**PROBLEM REQUIREMENTS**
The output should match, line for line, the records from the line containing "واختلف إذا شرط" through the line containing "意味不明あだ名 | 『自称いしだらき』『ペロリンいしだらき』 |", with every picture left out.

**GIVEN RECORDS**
● ● ● ●
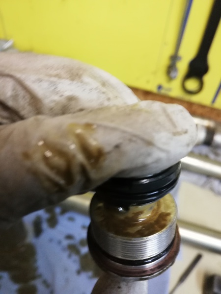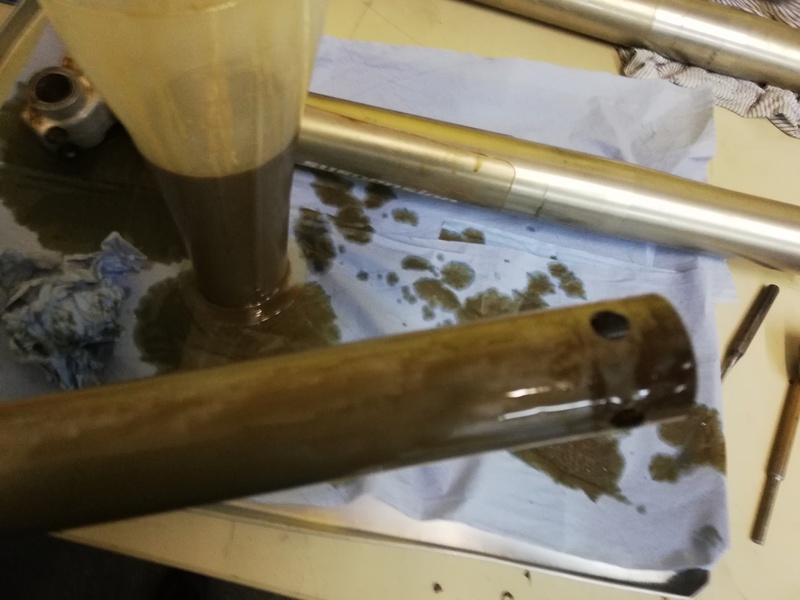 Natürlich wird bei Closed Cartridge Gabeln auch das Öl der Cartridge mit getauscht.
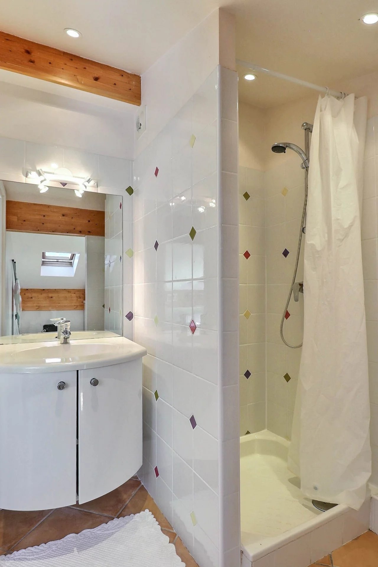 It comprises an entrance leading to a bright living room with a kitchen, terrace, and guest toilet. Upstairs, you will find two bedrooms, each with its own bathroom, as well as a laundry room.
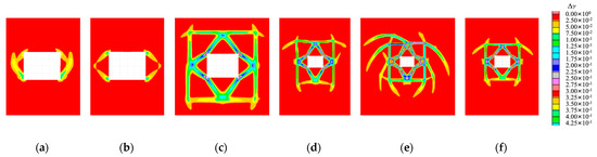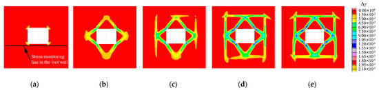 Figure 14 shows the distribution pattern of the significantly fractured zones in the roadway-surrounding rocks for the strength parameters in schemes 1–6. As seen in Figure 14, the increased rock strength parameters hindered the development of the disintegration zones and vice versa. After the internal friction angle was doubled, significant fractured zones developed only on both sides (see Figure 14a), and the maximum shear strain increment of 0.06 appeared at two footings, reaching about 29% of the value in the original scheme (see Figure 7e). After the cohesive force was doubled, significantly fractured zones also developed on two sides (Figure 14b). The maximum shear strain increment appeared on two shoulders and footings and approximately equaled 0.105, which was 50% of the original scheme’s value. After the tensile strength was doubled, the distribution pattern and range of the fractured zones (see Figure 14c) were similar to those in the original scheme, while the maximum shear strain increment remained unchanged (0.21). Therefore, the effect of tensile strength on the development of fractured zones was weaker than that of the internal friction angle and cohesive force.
● ● ● ●
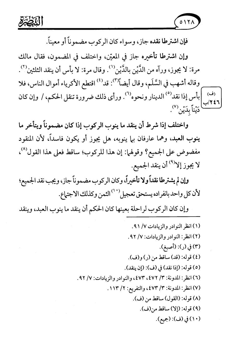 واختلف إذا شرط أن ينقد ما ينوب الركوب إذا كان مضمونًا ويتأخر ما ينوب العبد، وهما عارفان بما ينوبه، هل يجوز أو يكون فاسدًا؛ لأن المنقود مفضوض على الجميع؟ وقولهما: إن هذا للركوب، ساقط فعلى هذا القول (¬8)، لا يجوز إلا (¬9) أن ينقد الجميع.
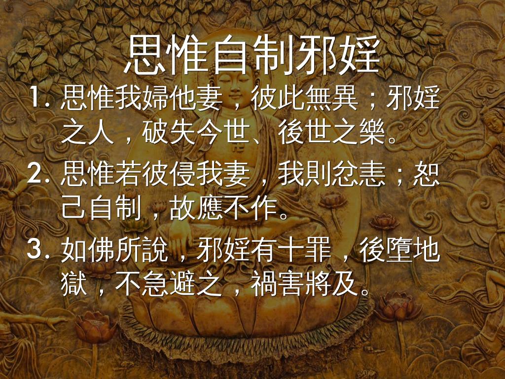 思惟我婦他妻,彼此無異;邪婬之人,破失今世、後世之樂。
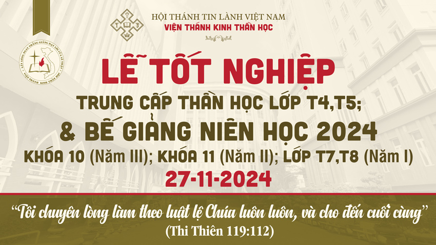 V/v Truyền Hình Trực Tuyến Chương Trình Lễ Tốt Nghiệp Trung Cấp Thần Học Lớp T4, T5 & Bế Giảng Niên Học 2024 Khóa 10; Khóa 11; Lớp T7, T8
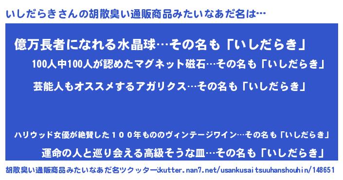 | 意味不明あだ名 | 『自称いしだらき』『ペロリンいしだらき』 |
● ● ● ●
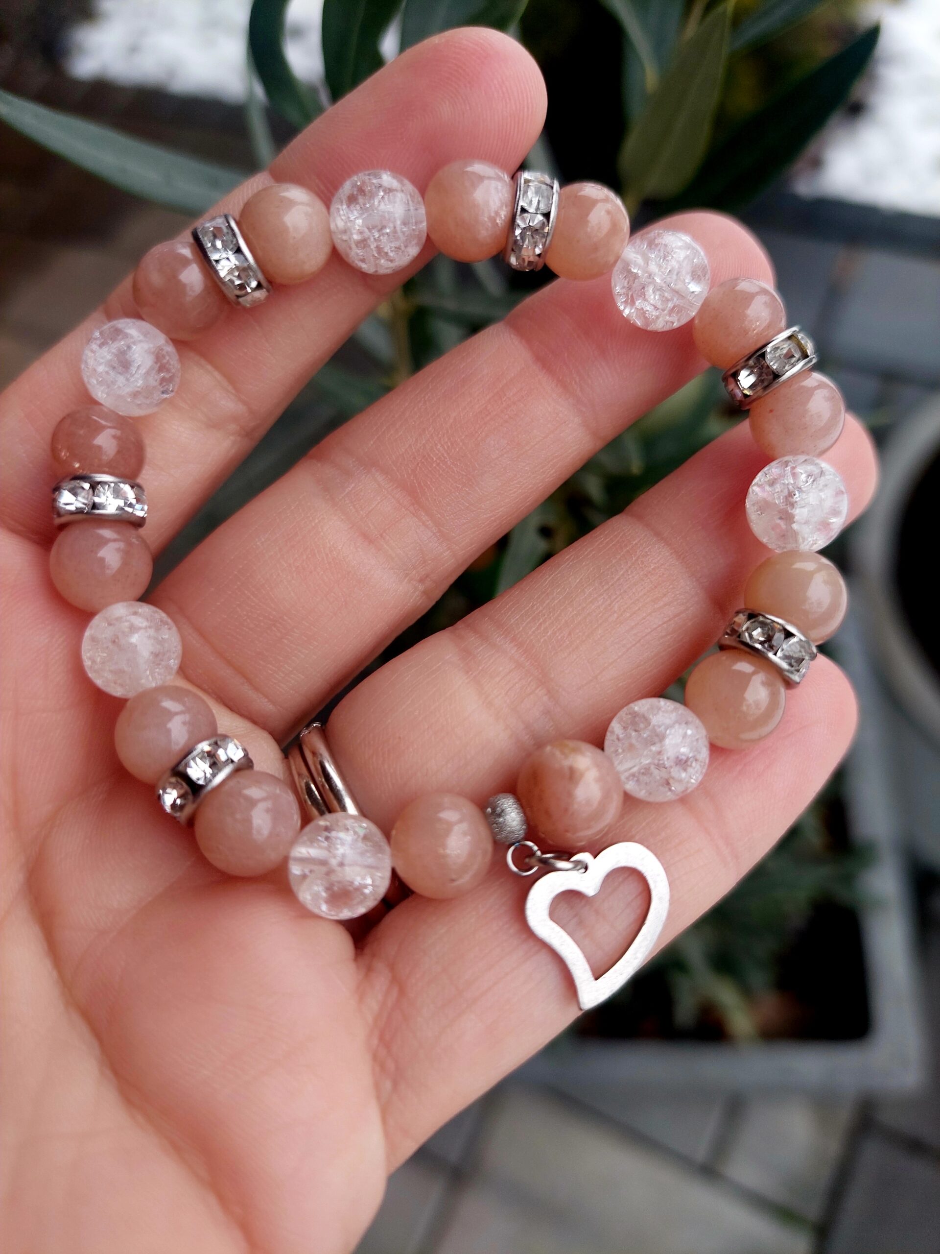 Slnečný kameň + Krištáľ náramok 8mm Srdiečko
● ● ● ●
**RESPONSE AREA**
 واختلف إذا شرط أن ينقد ما ينوب الركوب إذا كان مضمونًا ويتأخر ما ينوب العبد، وهما عارفان بما ينوبه، هل يجوز أو يكون فاسدًا؛ لأن المنقود مفضوض على الجميع؟ وقولهما: إن هذا للركوب، ساقط فعلى هذا القول (¬8)، لا يجوز إلا (¬9) أن ينقد الجميع.
 思惟我婦他妻,彼此無異;邪婬之人,破失今世、後世之樂。
 V/v Truyền Hình Trực Tuyến Chương Trình Lễ Tốt Nghiệp Trung Cấp Thần Học Lớp T4, T5 & Bế Giảng Niên Học 2024 Khóa 10; Khóa 11; Lớp T7, T8
 | 意味不明あだ名 | 『自称いしだらき』『ペロリンいしだらき』 |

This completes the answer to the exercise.